Your come back is always about terminology. That is just pathetic. Murder and rape are not just legal definitions - they are words used in the English language to describe the killing or sexual assault of someone. If you cancel the word you do not cancel the action. How can you be so utterly blind???? Whether there are laws or not there will always be murder and rape.
It's impossible to have this sort of debate with someone who is so completely blinkered.
Before my epiphany about what law is (and isn’t), I thought as you do. I do understand your point, but you don’t get mine. Instead of trying to comprehend—you’re accusing me of being ‘blinkered’ and ‘utterly blind’.
The terminology of ‘rape’ and ‘murder’ is just semantics—BUT—ideas expressed by mere words form the core of ideals and for these two words in particular, society has granted itself the authority to imprison or even to kill (even when they sometimes have the wrong person). However, when you closely examine the principles UNDER the words, they don’t hold up as intrinsically true. In other words, the pedestal of law rests on a canted surface—the whole structure is askew.
Modifying the theory that justice rests on would mandate a change in the terminology, and the model that grows from those new words could comprise TRUE justice.
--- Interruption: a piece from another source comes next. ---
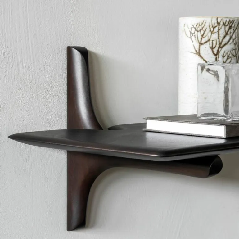 Elke wandplank in deze serie is vervaardigd uit zorgvuldig geselecteerd massief hout, waarbij de natuurlijke structuur behouden blijft. De afgeronde hoeken en subtiel golvende lijnen benadrukken het ambachtelijke karakter van het ontwerp en dragen bij aan een warme, natuurlijke uitstraling. Tegelijkertijd blijft de vormtaal ingetogen en consistent, waardoor de planken eenvoudig integreerbaar zijn in uiteenlopende interieurconcepten.

You keep bringing up the example of the korean kid who killed all those people at Virginia Tech, but I don't see how this new "system" you so passionately defend would have prevented this from happening. To me the simple explanation is that he was mentally sick.
Landslide, you said ‘you don’t see how (my passionately defended) system would’ve prevented—but you don’t understand or why this different justice would work. Perhaps, if you envisioned a different justice model, as I do, you would see why Virginia tech is an excellent example.
I’ll try to explain with a different model. Suppose you can’t read or write English, but you have a grudge against the government—and you have a paint can. You can express your discontent by spraying a wall of the nearest government building—you feel vindicated. But, what if you’re in a smaller town and there are no federal buildings to vent your frustration on? You could deface someone else’s wall—but is that an attack on the government? Remember that you don’t write English, so you can’t use the words ‘screw the man’ to direct your wrath where you want it to. (Are you still with me so far?) Hypothetically, your vandalism is thwarted, because you have no appropriate target.
Here is where the law steps in to assist your criminal intent. The government passed a law making “vandalism” illegal AND the law took the crime onto itself. The action of defacing property is AGAINST the law—it’s not AGAINST the property owner anymore. So, you as a disgruntled person are enabled to make your anti-government statement by spray-painting ANY wall, with ANY illegible mark, and it’s still an attack directly on the law.
Compare this to Virginia Tech. The individual is sick and he wants to make a statement AGAINST the society he felt shunned by. He can express his anger DIRECTLY against the system by attacking the ‘rule-of-law’s’ prohibition. I suggest that he didn’t set out to specifically kill people: he had no animosity against those individuals. His intent was to break the law AGAINST murder—and people paid the price. Just as the property owner suffered the damage in my previous example.
This suggests that the law is NOT actually protecting people (as you wish and presume that it is). The law itself is causing, or at least facilitating, some crime. IF, (and this seems to be the big hurdle), you can envision how this logic has some merit, THEN, your mind may go on to explore how a justice system CAN protect people and be made much better—without upsetting the whole applecart in the process.